DUI checkpoints in Kansas City are on their way out
Somewhat overlooked amid the drama of this years’ preposterously dysfunctional, entirely Republican-controlled Missouri legislative session is a bill that would cut funding for DUI checkpoints in the state from $20 million to $1. As in: a single dollar. As in: no more money for checkpoints from the state.
This is of particular significance for the Kansas City, Missouri, Police Department, which funds 100 percent of the checkpoints it conducts with state money.
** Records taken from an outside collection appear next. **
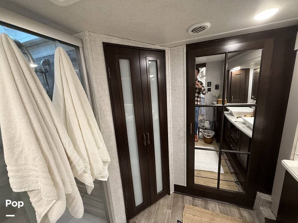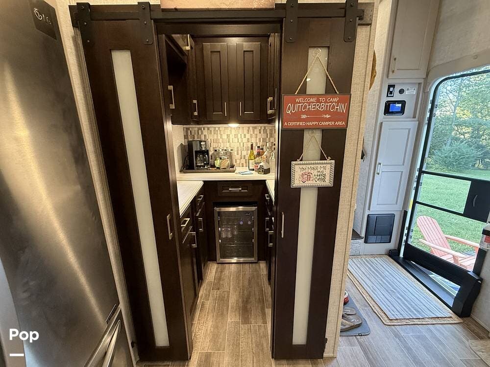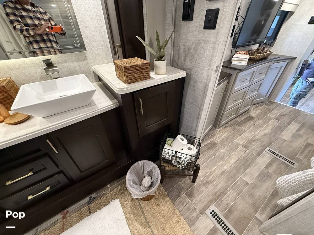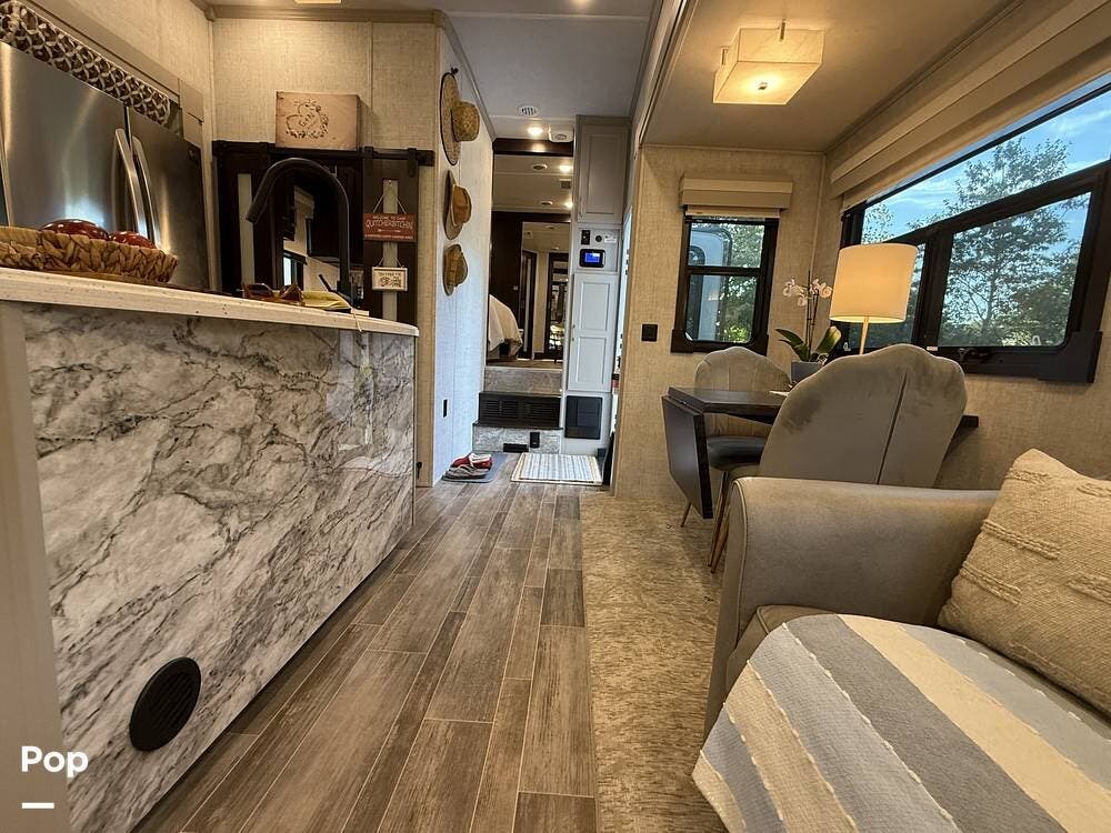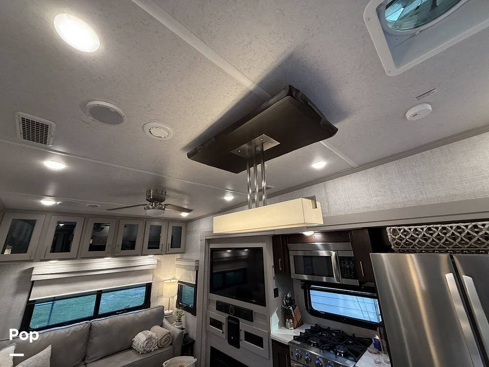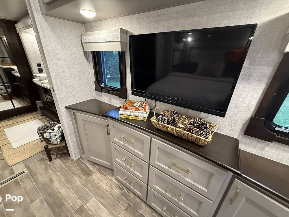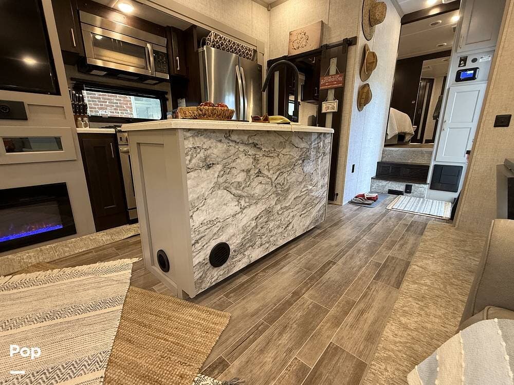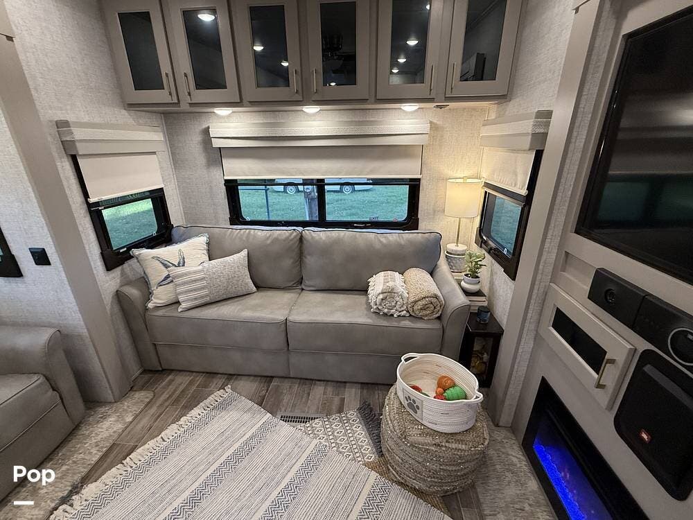 This one-owner fifth wheel has been well cared for, as it is used as a secondary home. The spacious layout and super-high ceilings make it feel enormous.
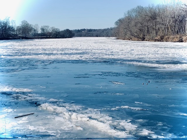 Image description – The sun is shining on a partially frozen section of the James River. Sections of ice are thick in outer areas and broken and thin towards the middle.
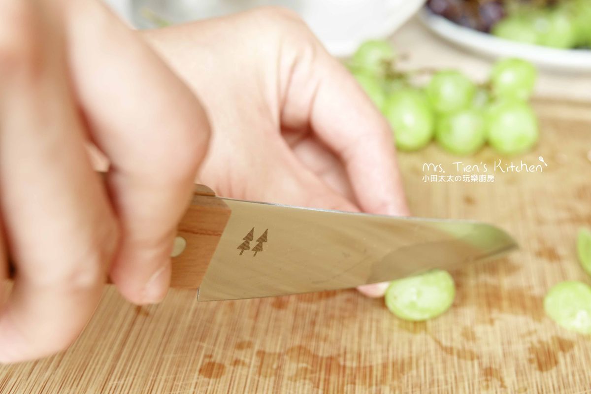 將葡萄對半切開,從外圍開始裝飾蛋糕
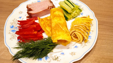 Как сделать салат с яичными блинчиками и копченой колбасой? Подготовьте необходимые ингредиенты. Яйца достаньте из холодильника заранее, чтобы они согрелись при комнатной температуре. Овощи предварительно помойте, обсушите. Майонез можно приготовить самостоятельно. Рецепты домашнего майонеза смотрите в статье по ссылке в конце рецепта.
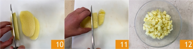 In the meantime, peel the potatoes, slice them 10, and then cut them into regular cubes 11 12.
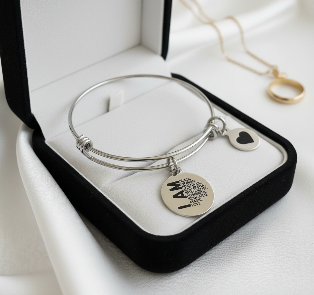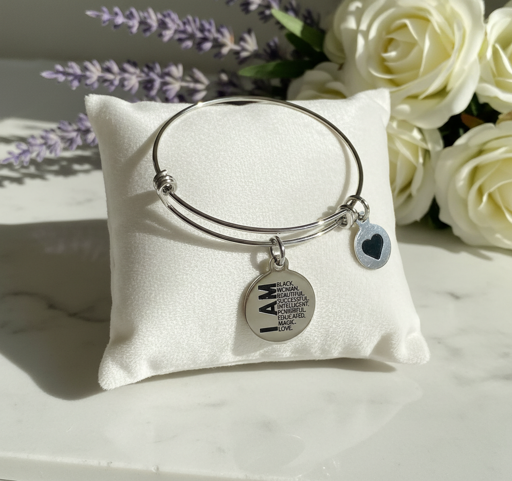 2.4 inch stainless steel adjustable Bracelet. Charm measurements: 3/4" x 7/8" (or 19mm x 22mm). The charms and bracelets are made from high-quality stainless steel. Stainless Steel is hypoallergenic, does not tarnish and is lead and nickel free. The charms are mirror polished on both sides. These charms will be laser engraved with a personal phrase. Best gift for birthday, friendship gift, etc. Suitable for a variety of occasions like party, celebration and others. Comfortable to wear with any outfit.

The bill containing this language, HB 4, cleared the House and Senate last week. It is awaiting the signature of Governor Eric Greitens. KCPD is operating under the assumption that Greitens will sign it, and has begun planning accordingly.
“At this point, there are no future checkpoints planned for the rest of the year,” says KCPD Sergeant Chris Bentch, who serves as the DUI section supervisor. “Beyond that, I would say it depends on whether the legislature changes the law down the road.”
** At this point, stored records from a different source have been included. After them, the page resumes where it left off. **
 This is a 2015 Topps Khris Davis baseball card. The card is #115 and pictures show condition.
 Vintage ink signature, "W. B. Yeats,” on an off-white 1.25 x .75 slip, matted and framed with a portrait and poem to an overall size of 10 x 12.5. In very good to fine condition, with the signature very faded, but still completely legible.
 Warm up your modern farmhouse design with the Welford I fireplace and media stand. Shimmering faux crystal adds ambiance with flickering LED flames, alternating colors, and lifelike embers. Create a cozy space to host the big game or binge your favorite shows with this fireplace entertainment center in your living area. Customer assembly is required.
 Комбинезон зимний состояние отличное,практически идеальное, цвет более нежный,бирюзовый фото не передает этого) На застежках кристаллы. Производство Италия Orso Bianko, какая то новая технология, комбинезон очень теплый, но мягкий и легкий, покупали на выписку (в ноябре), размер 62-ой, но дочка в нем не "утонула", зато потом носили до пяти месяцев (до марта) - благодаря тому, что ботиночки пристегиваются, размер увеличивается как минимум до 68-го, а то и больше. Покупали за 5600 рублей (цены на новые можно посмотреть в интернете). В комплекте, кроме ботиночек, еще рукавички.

The constitutionality of checkpoints is a long-debated issue, and one The Pitch has previously covered.
The sponsor of HB 4, Rep. Scott Fitzpatrick (R-Cassville), says state money would be better spent on saturation patrols. That’s when an increased number of police cars flood an area known for drunk-driving incidents. Bentch says he’s been instructed to divert remaining checkpoint funds over to saturation patrols.
But Bentch also says preventing drunk driving requires a multi-pronged strategy. Checkpoints serve as a deterrent effect, for one, he says. They are also more efficient.
“We got 41 drunk drivers on St. Patrick’s Day,” Bentch says. “You can’t duplicate that scale with a saturation patrol. You’re looking for a needle in a haystack, and it takes hours just to process one person. With a checkpoint, we have a whole system that streamlines the process. It’s almost like an assembly line.”
Bentch adds: “You could give me four times as much money for saturation patrols and we still wouldn’t catch as many drunk drivers.”
MADD is also, uh, mad about the legislation. It notes that checkpoints reduce drunk driving fatalities by 20 percent, according to the Centers for Disease Control and Prevention.
“Why would legislators want to eliminate a drunk driving countermeasure that clearly is working?” asks Meghan Carter, executive director of MADD Missouri, in a release.
Over on the KC DUI Checkpoints Facebook page, which alerts its largely anti-checkpoint 55,000 followers to metro-area stops, the tone took a different slant.
“Did this page just become obsolete?” one commenter asked.